Sagar v Ridehalgh & Sons Ltd [1931] 1 Ch 310 is a UK labour law case concerning the contract of employment. It concerns the implication of terms, regarding deductions from wages, through the custom of an industry.

Facts
Mr Sagar was a cotton weaver for Ridehalgh & Sons Ltd in Nelson, Lancashire. He claimed that pay had been wrongfully deducted from his wages allegedly for poor workmanship. His contract was oral, but pay was fixed by collective agreement with the Amalgamated Weavers' Association and the Cotton Spinners' and Manufacturers' Association. According to the collective agreement he should have been paid 2l. 5s. 0½d. But Ridehalgh Ltd only paid him 2l. 4s. 0½d., deducting 1s. in respect of a fault in 3 yards of the 80 yards piece. Mr Sagar had failed to piece up a broken thread of the warp. This made 3 yards of cloth unmerchantable. Mr Sagar said this was an unlawful deduction contrary to Truck Act 1831 section 3. But Ridehalgh Ltd argued mills in the locality had the custom of deducting for work that had been performed without reasonable care and skill in the management’s eyes.

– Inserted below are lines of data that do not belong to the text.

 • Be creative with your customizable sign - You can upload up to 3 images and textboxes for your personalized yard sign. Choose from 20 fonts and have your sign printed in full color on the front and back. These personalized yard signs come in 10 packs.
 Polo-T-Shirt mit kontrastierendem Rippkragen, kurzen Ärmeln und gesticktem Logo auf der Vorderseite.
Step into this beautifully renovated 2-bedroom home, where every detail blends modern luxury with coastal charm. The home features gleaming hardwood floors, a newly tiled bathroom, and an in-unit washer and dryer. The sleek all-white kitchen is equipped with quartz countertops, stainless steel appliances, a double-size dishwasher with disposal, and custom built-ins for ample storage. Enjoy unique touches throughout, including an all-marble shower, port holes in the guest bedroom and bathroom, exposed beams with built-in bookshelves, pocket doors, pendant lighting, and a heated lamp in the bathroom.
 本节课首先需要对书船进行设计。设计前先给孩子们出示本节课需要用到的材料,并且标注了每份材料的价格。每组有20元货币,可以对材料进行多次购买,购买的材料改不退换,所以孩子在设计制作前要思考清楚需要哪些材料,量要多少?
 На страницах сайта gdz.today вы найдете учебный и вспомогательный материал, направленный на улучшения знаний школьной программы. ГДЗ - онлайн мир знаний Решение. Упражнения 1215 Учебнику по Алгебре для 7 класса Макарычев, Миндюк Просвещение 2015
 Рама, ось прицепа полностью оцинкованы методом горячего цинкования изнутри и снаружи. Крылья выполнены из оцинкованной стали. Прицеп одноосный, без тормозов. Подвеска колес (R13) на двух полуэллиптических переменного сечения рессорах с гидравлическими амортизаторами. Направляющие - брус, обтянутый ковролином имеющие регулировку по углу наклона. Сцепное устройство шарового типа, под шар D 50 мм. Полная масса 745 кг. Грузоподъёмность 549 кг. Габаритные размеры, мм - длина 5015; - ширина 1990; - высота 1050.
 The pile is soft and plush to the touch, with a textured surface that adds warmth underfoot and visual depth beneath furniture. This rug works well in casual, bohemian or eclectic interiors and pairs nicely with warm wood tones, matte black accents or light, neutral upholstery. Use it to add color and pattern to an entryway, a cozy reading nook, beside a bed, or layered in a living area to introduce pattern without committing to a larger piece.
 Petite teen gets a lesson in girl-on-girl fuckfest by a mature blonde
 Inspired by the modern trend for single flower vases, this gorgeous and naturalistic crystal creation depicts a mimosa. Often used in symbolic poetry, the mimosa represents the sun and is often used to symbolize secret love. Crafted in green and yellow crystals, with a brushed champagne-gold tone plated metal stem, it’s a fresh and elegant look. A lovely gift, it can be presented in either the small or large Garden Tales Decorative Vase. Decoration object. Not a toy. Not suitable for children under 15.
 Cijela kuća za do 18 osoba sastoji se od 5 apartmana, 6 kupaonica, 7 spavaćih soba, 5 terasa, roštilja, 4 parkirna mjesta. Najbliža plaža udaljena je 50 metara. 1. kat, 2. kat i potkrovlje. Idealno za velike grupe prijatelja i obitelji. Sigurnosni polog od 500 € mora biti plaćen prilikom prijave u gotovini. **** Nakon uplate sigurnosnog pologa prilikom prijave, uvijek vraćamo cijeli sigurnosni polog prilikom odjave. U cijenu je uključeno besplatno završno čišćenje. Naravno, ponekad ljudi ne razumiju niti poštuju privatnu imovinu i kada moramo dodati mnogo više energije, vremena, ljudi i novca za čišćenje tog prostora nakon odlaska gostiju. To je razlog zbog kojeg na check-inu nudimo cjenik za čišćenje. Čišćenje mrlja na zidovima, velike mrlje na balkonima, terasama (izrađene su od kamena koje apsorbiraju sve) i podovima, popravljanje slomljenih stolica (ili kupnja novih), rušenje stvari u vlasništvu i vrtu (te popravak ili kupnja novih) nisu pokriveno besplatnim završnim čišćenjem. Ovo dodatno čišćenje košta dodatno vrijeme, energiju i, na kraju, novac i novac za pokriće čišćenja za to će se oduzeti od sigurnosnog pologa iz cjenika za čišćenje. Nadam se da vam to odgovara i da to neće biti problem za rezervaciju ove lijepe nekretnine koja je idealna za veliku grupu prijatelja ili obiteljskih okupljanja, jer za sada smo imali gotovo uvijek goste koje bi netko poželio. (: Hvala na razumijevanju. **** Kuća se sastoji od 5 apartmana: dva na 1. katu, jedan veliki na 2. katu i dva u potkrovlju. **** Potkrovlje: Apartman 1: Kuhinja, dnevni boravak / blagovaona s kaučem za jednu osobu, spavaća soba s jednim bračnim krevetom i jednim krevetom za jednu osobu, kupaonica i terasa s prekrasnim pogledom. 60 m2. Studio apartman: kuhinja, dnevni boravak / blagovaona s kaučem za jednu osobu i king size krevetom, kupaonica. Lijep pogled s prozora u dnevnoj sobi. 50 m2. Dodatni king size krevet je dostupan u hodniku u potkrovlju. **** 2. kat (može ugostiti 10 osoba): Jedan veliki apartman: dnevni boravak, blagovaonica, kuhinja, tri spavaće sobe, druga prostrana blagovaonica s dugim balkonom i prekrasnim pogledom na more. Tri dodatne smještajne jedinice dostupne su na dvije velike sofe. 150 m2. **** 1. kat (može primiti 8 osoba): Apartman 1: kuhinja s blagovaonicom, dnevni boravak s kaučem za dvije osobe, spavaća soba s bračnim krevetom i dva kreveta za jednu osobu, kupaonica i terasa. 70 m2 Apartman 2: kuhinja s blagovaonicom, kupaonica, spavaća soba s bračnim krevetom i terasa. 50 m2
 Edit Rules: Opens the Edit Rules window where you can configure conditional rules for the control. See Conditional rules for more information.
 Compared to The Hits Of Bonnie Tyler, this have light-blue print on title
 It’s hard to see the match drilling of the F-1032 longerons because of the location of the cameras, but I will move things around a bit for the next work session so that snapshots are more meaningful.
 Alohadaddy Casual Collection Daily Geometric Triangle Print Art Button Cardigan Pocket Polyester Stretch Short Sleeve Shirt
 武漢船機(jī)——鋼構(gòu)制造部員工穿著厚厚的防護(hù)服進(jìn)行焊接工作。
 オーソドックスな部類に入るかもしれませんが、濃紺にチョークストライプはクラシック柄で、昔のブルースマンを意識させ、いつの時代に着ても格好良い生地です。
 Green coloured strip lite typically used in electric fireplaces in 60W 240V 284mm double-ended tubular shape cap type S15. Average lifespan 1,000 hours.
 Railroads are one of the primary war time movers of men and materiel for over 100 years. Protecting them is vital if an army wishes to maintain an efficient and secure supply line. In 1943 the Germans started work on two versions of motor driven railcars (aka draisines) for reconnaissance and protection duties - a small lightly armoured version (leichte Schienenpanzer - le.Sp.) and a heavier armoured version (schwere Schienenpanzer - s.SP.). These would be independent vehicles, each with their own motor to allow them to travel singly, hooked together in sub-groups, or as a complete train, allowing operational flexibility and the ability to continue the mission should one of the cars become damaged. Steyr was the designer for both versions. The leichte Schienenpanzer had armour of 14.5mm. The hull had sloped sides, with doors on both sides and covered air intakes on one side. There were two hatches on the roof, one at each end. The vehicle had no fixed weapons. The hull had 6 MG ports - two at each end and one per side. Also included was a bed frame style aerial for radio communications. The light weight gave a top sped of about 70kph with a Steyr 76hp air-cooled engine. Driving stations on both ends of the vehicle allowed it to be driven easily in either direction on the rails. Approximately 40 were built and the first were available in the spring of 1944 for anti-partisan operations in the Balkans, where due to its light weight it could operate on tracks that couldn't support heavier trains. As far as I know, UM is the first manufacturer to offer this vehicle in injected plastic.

That had been so for thirty years at the workplace, though nobody had said anything in the oral agreement and no provisions concerning deductions were found in the collective agreement.

Farwell J said that Mr Sagar was entitled to be fully paid unless the employer used its right to terminate the contract.

Judgment
Lord Hanworth MR held the deduction was still lawful. It was a clear custom of the industry, not destroyed by the fact, once established, that many people dislike it, or contract out of it altogether.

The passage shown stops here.